Utilizing the MGB axis framework, this study confirmed several metabolic pathways, such as carnitine shuttle and tryptophan/kynurenine pathways, associated with psychoneurological toxicities in children [
14,
112] and adults with cancer undergoing chemotherapy [
24,
113,
114]. This is the first study to elucidate microbiome–metabolome pathways linked with PNS in cancer chemotherapy using the multi-omics data integration and analysis approach. This study added to the literature that specific gut microbes (e.g.,
Ruminococcus,
Megasphaera, and
Prevotella), along with carnitine shuttle, fatty acid metabolism/activation, and tryptophan pathways, are associated with PNS burden across cancer chemotherapy. Targeting the gut microbiome through diet, nutritional supplements, probiotics, and exercise [
18,
115] may provide a tractable solution to modulate metabolic pathways, ultimately decreasing PNS burden among CWC. Further validation of these findings is needed in a larger cohort.
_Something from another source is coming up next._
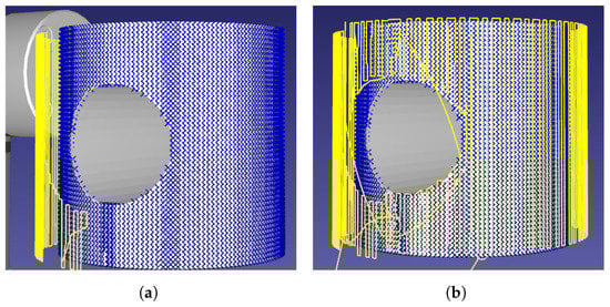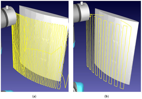 Demonstration of rasterizing a curved aerofoil component. The robotic path is traced in yellow, demonstrating the raster-like path obtained. (a) Sampling distance: 3 mm. (b) Sampling distance: 10 mm.

There are several limitations to our study. First, the sample size is small, and all cases were recruited from Children’s Healthcare of Atlanta, resulting in limited generalizability into other clinical settings. This pilot study analyzed CWC who completed T
0 and some of them did not complete T
1 yet when we analyzed the data. The unbalanced sample size between T
0 and T
1 for CWC may cause bias. Second, as a preliminary analysis with a smaller sample size, we did not adjust the multi-omics integration for multiple testing. This approach has certainly resulted in some false positive findings, furthering the importance of future replication. However, clustering and pathway analyses are two ways to mitigate the effects false positives in omics research [
116], and our prior research suggests that these approaches might continue to do so in multi-omics research [
117]. Future work should confirm our findings in a larger cohort with multiple testing correction. Third, we were unable to determine whether the fecal metabolites were produced by the microbiome or by the host, and whether these identified metabolites were being absorbed to affect the MGB axis or alternatively being eliminated. Our metabolomics analysis was limited to summaries of metabolic pathways and thus need detailed examination of specific metabolites in future work to determine the magnitude and direction. Lastly, our study could not control for the use of antibiotics and chemotherapy drugs across the cancer treatment trajectory. Therefore, this study cannot determine the impact of specific chemotherapy on PNS and the antibiotic vs. chemotherapy effects on microbiome–metabolome pathways. We cannot discern baseline differences in the fecal microbiome and metabolome due to treatments or cancer per se. Future research should examine the relationships of multi-omics pathways in the chemotherapy-induced PNS context with a larger sample cohort using metagenomic sequencing to elucidate species- and strain-level microbial data, as well as targeted metabolomics that focus on the most salient pathways (e.g., tryptophan), while controlling for covariates such as chemotherapy drugs.